Iran's food costs mount as families blame government for bare tables

Nov 15, 2025, 16:10 GMT+0Updated: 23:55 GMT+0
Shopping basket, File photo
Shopping basket, File photo

Iranian families are grappling with a deepening food stress and some have been forced to eliminate core staples like red meat, chicken, fish, eggs and fruits from their baskets due to skyrocketing prices and stagnant wages.

This is according to text and audio notes sent to Iran International TV by its audience in Tehran.

Number of households report barer tables, school truancy and outright hunger, with blame leveled at the government for policies that have turned affordable meals into luxuries.

Iran International asked its audience to share and submit messages on the effects of rising costs on their daily grocery shopping.

Families, from urban renters to rural households, describe slashing most of their food budgets, surviving on basics like low-quality rice, potatoes and bread while dreaming of proteins long unaffordable.

"Staples like red meat, chicken and fish are gone. If this government stays, other foods will vanish gradually, like it or not," another message said.

"The majority—or like 80%—of food basket items eliminated: chicken, eggs, dairy and tons more. The remaining 20%? A hard struggle to provide," one message said.

'Scarce list'

Some listed the items they had to cut from their grocery lists due to high prices and lack of affordability.

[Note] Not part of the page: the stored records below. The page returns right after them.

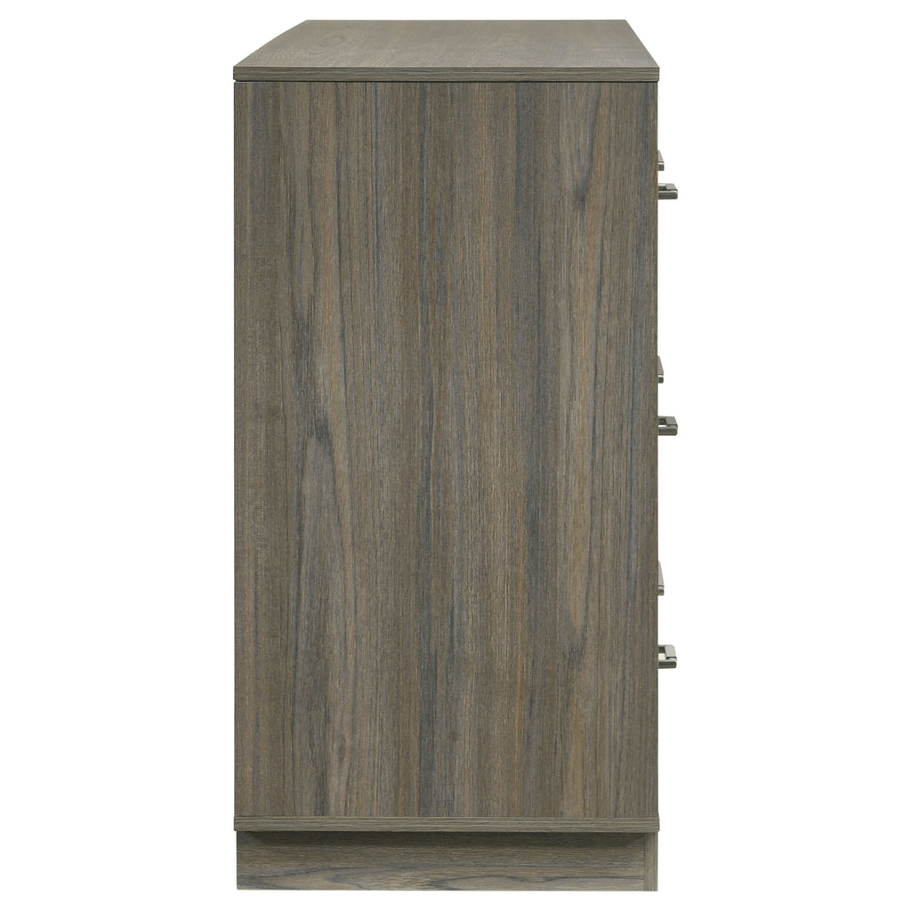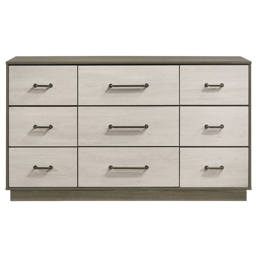 Introduce a blend of modern style and practical functionality to your bedroom with this sophisticated nine-drawer dresser. The contemporary two-tone melamine design offers a chic aesthetic, while the ample storage space ensures your belongings are neatly organized. Featuring a hidden jewelry drawer for added convenience, this dresser is as versatile as it is elegant. The antique nickel handles add a touch of vintage charm, and the floating base provides both stability and a sleek appearance. Crafted from durable melamine and engineered wood, this dresser is built to last, offering both beauty and functionality to your home.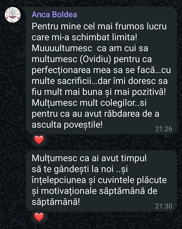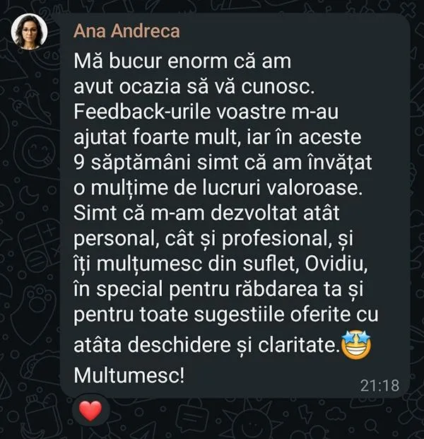Un spațiu în care poți exersa în siguranță și unde poți primi feedback personalizat atât de la mine cât și de la colegii tăi din grup care au trecut deja prin proces.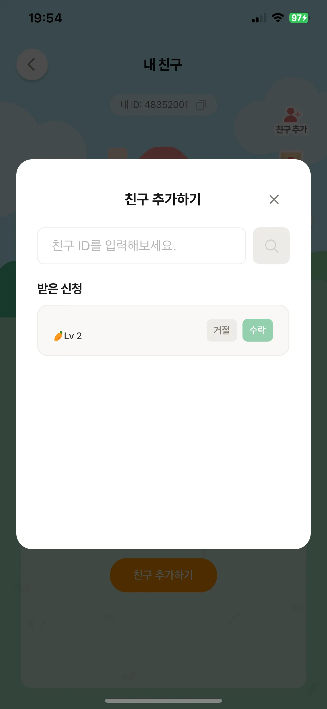 친구 계정에서 내 ID로 친구 신청을 했다면, 내 화면에서 “친구 추가하기” 버튼을 눌러 신청 내역을 확인할 수 있어요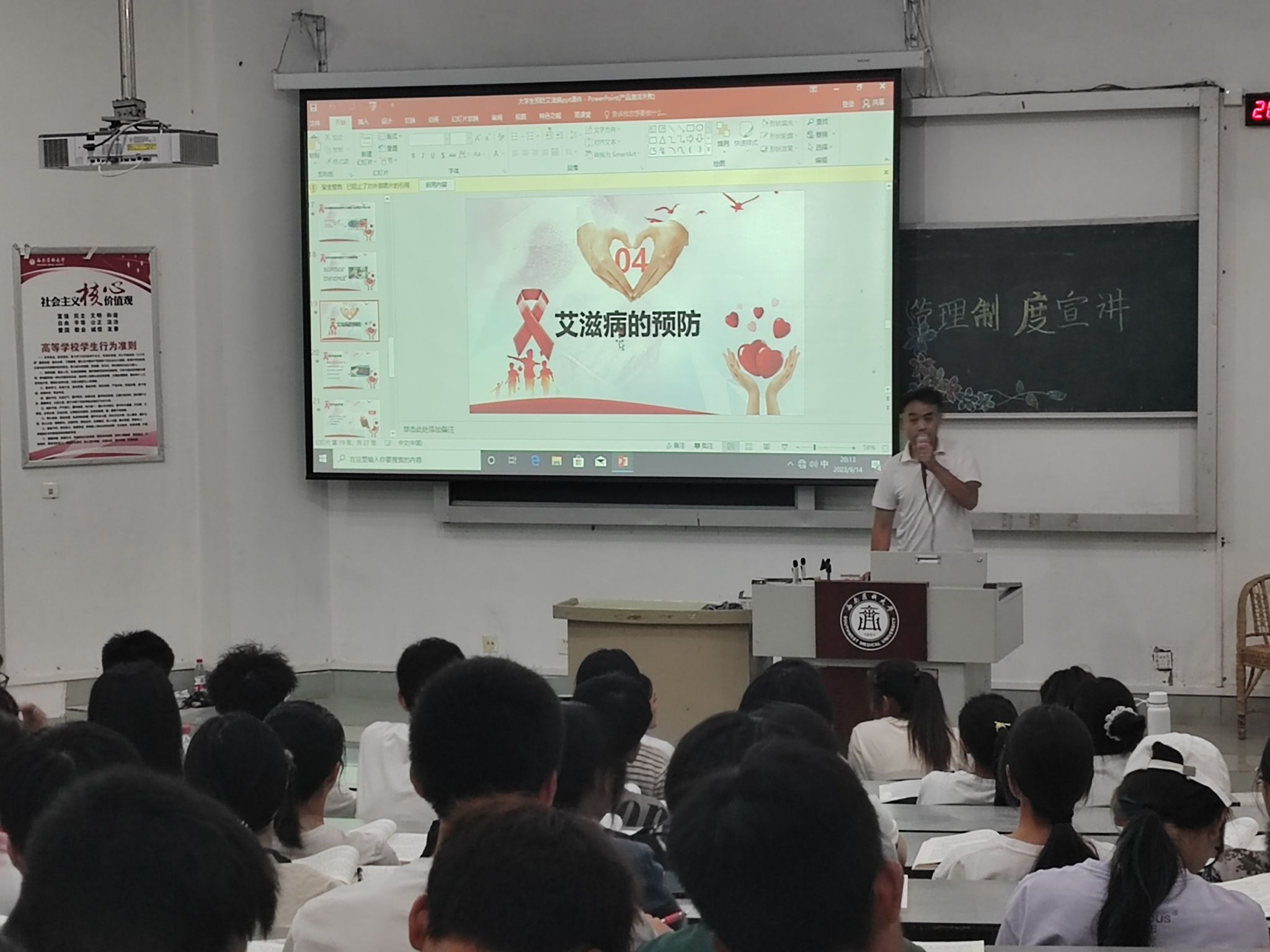 9月14日晚,医学检验系在鸿文楼204教室开展2023级新生预防艾滋病宣传教育专题讲座,专题讲座由辅导员刘泸主讲,2023级全体学生参加。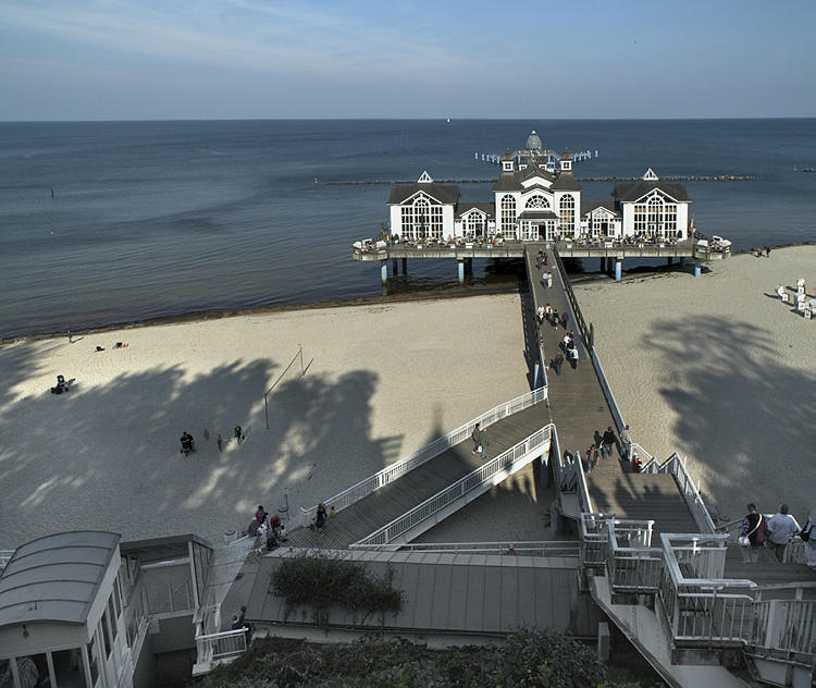 27. 9. 2009. Mecklenburg-Vorpommern. Insel Rügen. Sellin. Seebrücke. Strand. Ostsee. Meer. (Panorama aus mehreren Einzelaufnahmen)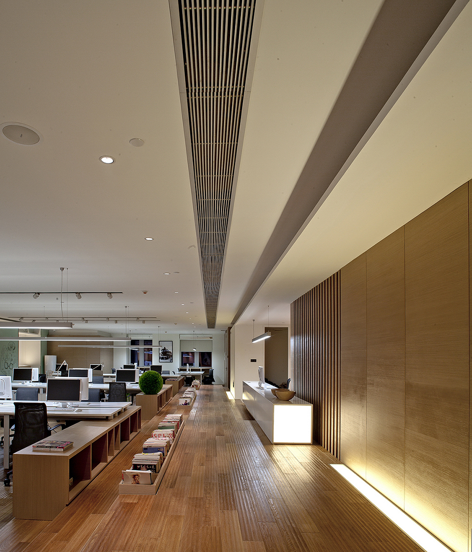无论是下沉式设计部,开放式茶水间或者储书方式,灯光,家具,都是在构建聚落式场景,减少对着电脑呆滞的时间,能更随性的阅读书籍,调试衣物板式,选择物料,同时交流,分享设计。良性的工作环境,良性的竞赛及分享意识。

"We had to cut chicken, eggs, rice, fish, shrimp. Also nuts and dried fruits, including pistachios, hazelnuts; high-priced fruits, sweets are out," another message said.

Messages indicate that the most essential parts of daily life are vanishing from consumers' baskets.

"Meat, fish, rice, chicken, plus beans and fruits are all out. No way we could afford such luxuries," one message said.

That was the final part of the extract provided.